Я как в Москву попал, прямо спасен был. Все стены допрашивал – вы видели, вы слышали, вы – свидетели…
В. И. Суриков
В ноябре 1877 года, во время недолгого возвращения в Санкт-Петербург, произошло одно из важнейших событий в жизни Виктора Васнецова, во многом повлиявшее на его дальнейший и личный, и творческий путь – женитьба на Александре Владимировне Рязанцевой (1850–1933), о чем узнаем из официального «Свидетельства».
«Петербург, 19 октября 1912 г.
На основании ст. 925 Св. Зак.[135] [о состояниях] изд. 1899 года, дано сие, с приложением казенной печати, в удостоверение того, что в метрической книге церкви С.-Петербургского Семеновского Александровского военного госпиталя, за 1877 г., части 2, о бракосочетавшихся в статье под № 4, записано: “тысяча восемьсот семьдесят седьмого года ноября одиннадцатого повенчаны: сын священника Вятской епархии, потомственный почетный гражданин Виктор Михайлович Васнецов, православного вероисповедания, первым браком, 29 лет и дочь потомственного почетного гражданина г. Вятки Владимира Рязанцева, девица Александра Владимировна, православного вероисповедания, первым браком, 27 лет. Таинство брака совершил Протоиерей Иоанн Лекторов с псаломщиком Николаем Иконниковым. Причитающийся гербовый сбор уплачен”»[136].
Их совместная жизнь, счастливо длившаяся почти 50 лет, начиналась с переезда в Москву с более чем скромным достатком – общим капиталом в 48 рублей. Александра Владимировна происходила из купеческого сословия, из вятской семьи Рязанцевых. Ее отец являлся совладельцем и занимал должность директора Косинской бумажной фабрики, был потомственным почетным гражданином Вятки. Александра Владимировна получила прекрасное для того времени медицинское образование: закончила первые врачебные курсы Медико-хирургической академии при Николаевском военном госпитале в Санкт-Петербурге, стала одной из первых в России профессиональных женщин-врачей. Виктор Михайлович Лобанов рассказывал о ней так:
«Александра Владимировна Рязанцева, составившая счастье Виктора Михайловича… была дипломированным врачом. Редкость для России необычайная. Она дипломант первого выпуска женских врачебных курсов Медико-хирургической академии, то есть одна из самых первых русских женщин-врачей.

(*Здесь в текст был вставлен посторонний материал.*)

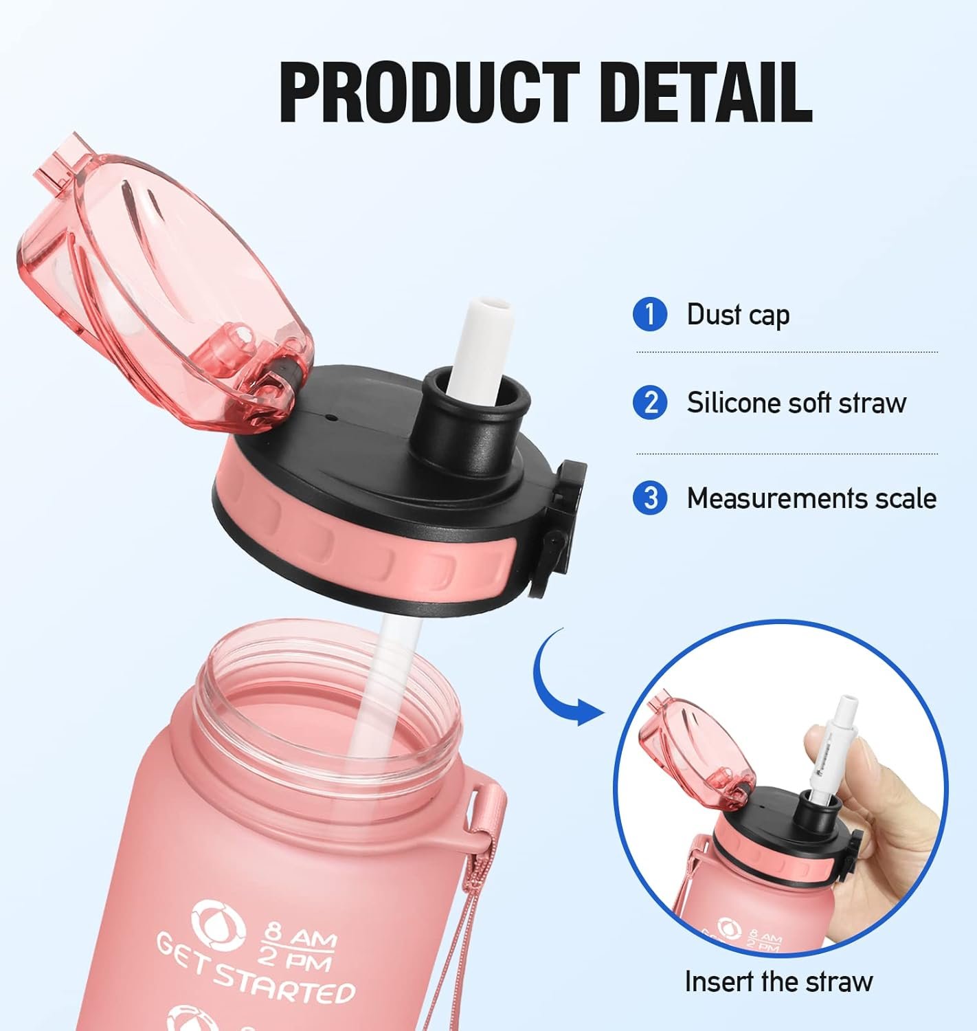 Versatile Design-Featured with a soft removable straw and a fruit strainer, giving you the option to use it with a straw or a strainer. The straw is perfect for spill-proof sipping on smoothies or cold beverages, while the strainer is great for infusing your water with fruit or tea.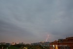The lightning kept flashing within the clouds, refusing to show itself. Then, suddenly, it flared straight at the ground. Lucky for me, the shutter was still open. My first lightning bolt! Then I caught another a few minutes later.
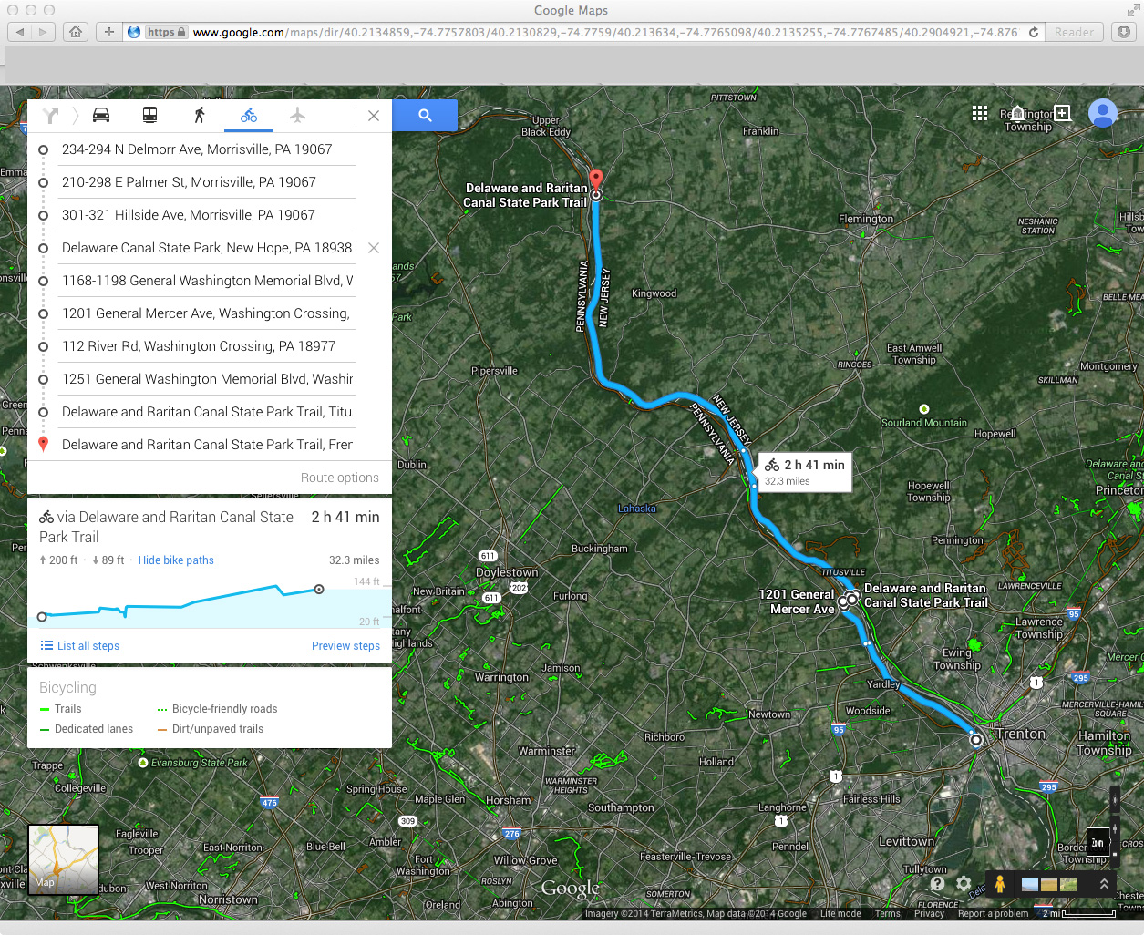 A note about the Delaware River Canal Trails: These routes pass through several small towns that all offer food and water sales. There are also three locations for bicycle repair very near the trails. These shops are located in Frenchtown, NJ, Yardley, PA, and Morrisville, PA. The nearest trike shop is Jersey Bents, about 15 miles from Yardley, PA.

К сожалению, ничего не известно о материальном положении ее семьи… О вятских купцах Рязанцевых известно, что в селе Мухино, в 100 километрах от Вятки, у них была писчебумажная фабрика, но мы не знаем, легко ли была отпущена на учебу в Петербург Александра Владимировна, от больших ли денег или, наоборот, по малому состоянию, в надежде на оклад врача. Фабрика принадлежала не семье – роду, и доход мог быть очень и очень невелик.
Скорее всего семья была небогата, потому и не противилась браку с бедным художником. Можно и другое предположить: сильная, волевая Александра Владимировна, переломив сопротивление семьи, получила диплом врача, жениха выбрала по любви и венчалась с ним вопреки родительской воле и, стало быть, без приданого»[137].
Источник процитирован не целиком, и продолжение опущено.